## EXERCISE
The reply is a verbatim copy of the listing below with its images dropped.

## DATA BELOW
______________________________
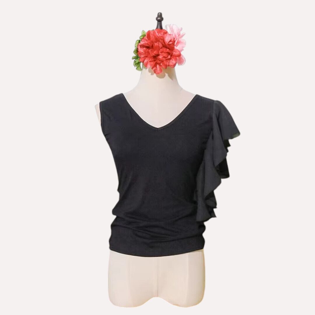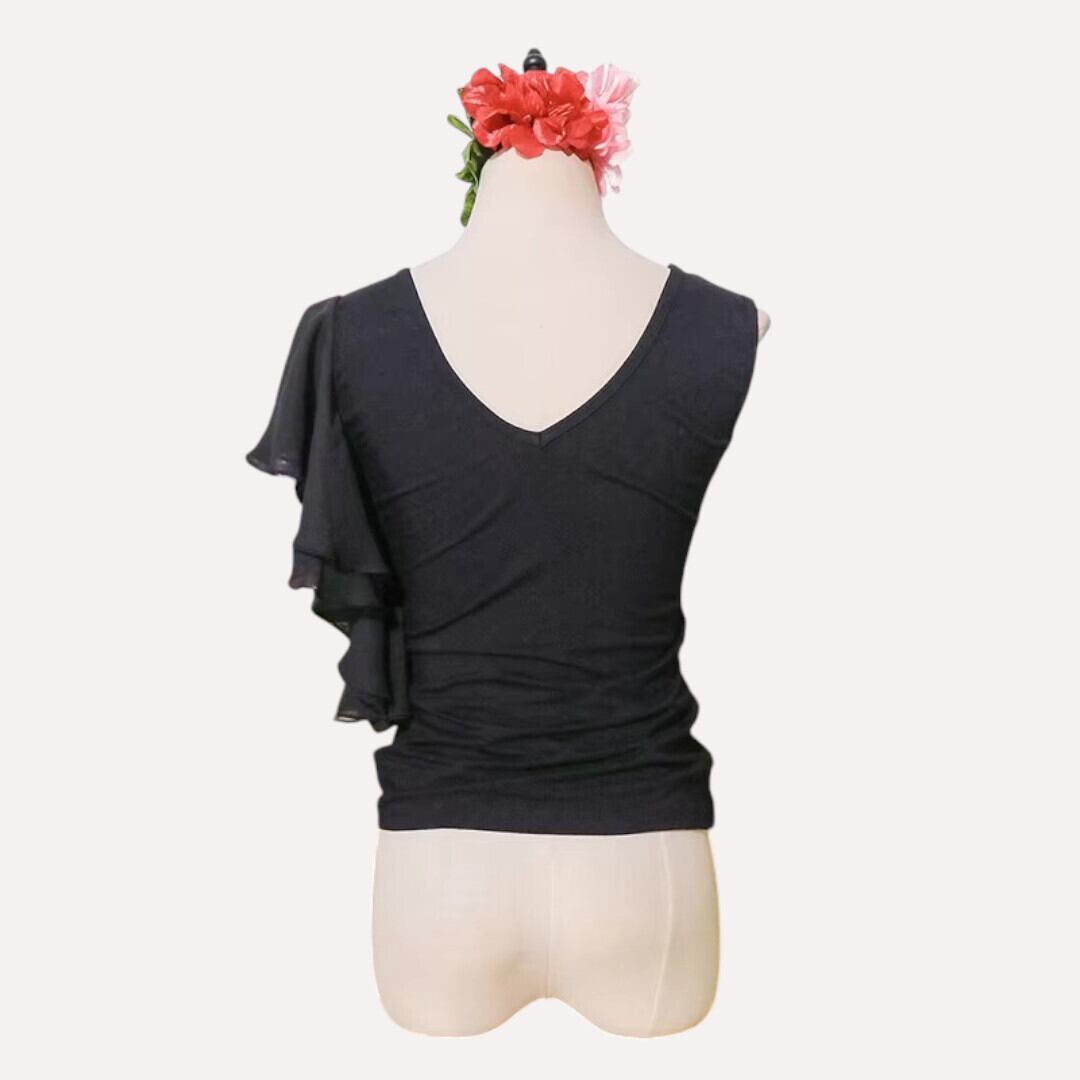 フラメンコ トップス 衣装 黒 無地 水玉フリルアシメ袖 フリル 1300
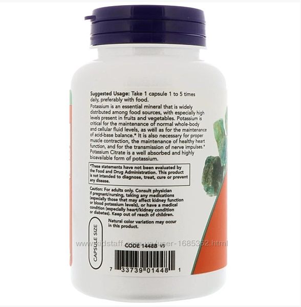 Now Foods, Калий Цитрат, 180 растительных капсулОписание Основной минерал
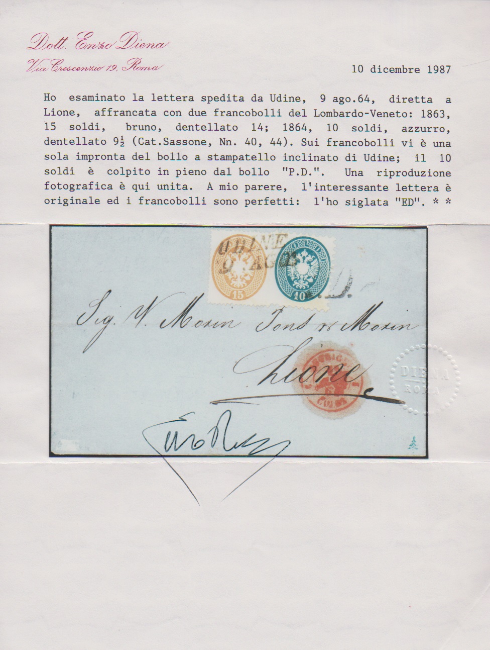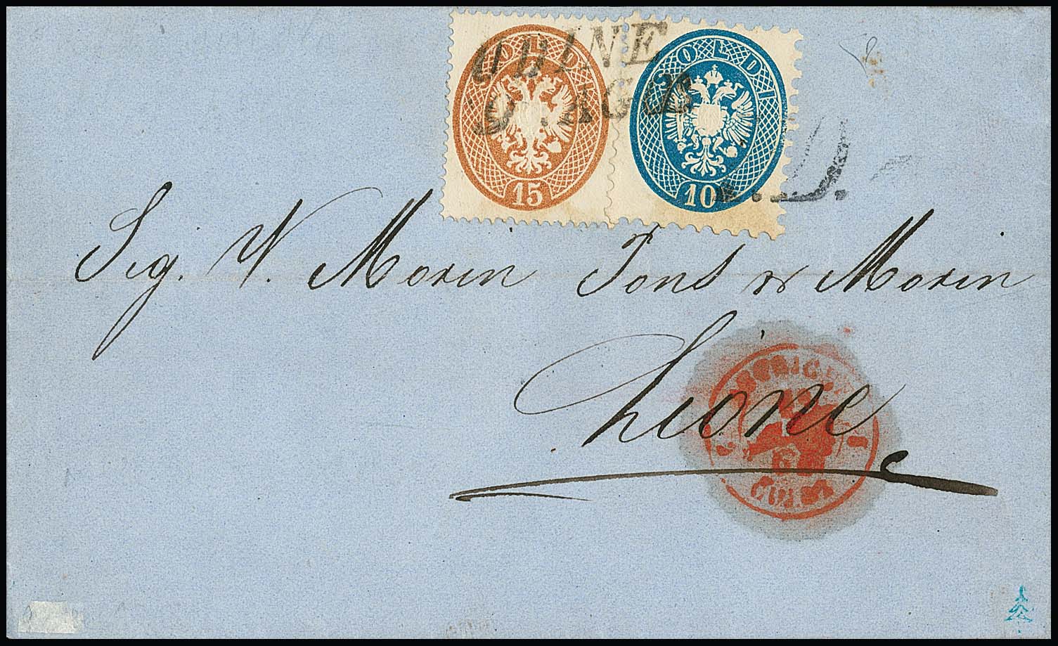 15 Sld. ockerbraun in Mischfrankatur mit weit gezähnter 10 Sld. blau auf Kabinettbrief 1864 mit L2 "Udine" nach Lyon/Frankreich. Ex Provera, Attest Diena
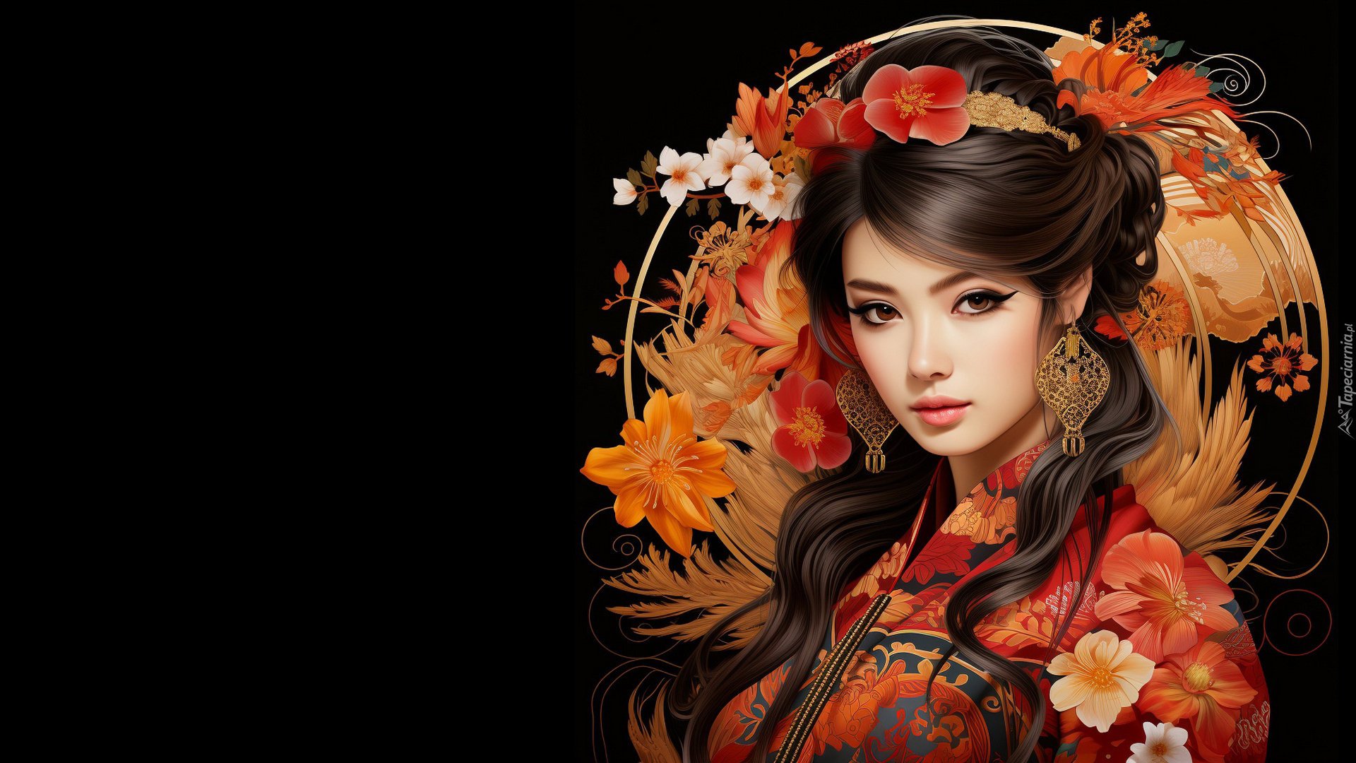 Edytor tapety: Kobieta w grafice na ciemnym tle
______________________________
## ANSWER BOX
 フラメンコ トップス 衣装 黒 無地 水玉フリルアシメ袖 フリル 1300
 Now Foods, Калий Цитрат, 180 растительных капсулОписание Основной минерал
 15 Sld. ockerbraun in Mischfrankatur mit weit gezähnter 10 Sld. blau auf Kabinettbrief 1864 mit L2 "Udine" nach Lyon/Frankreich. Ex Provera, Attest Diena
 Edytor tapety: Kobieta w grafice na ciemnym tle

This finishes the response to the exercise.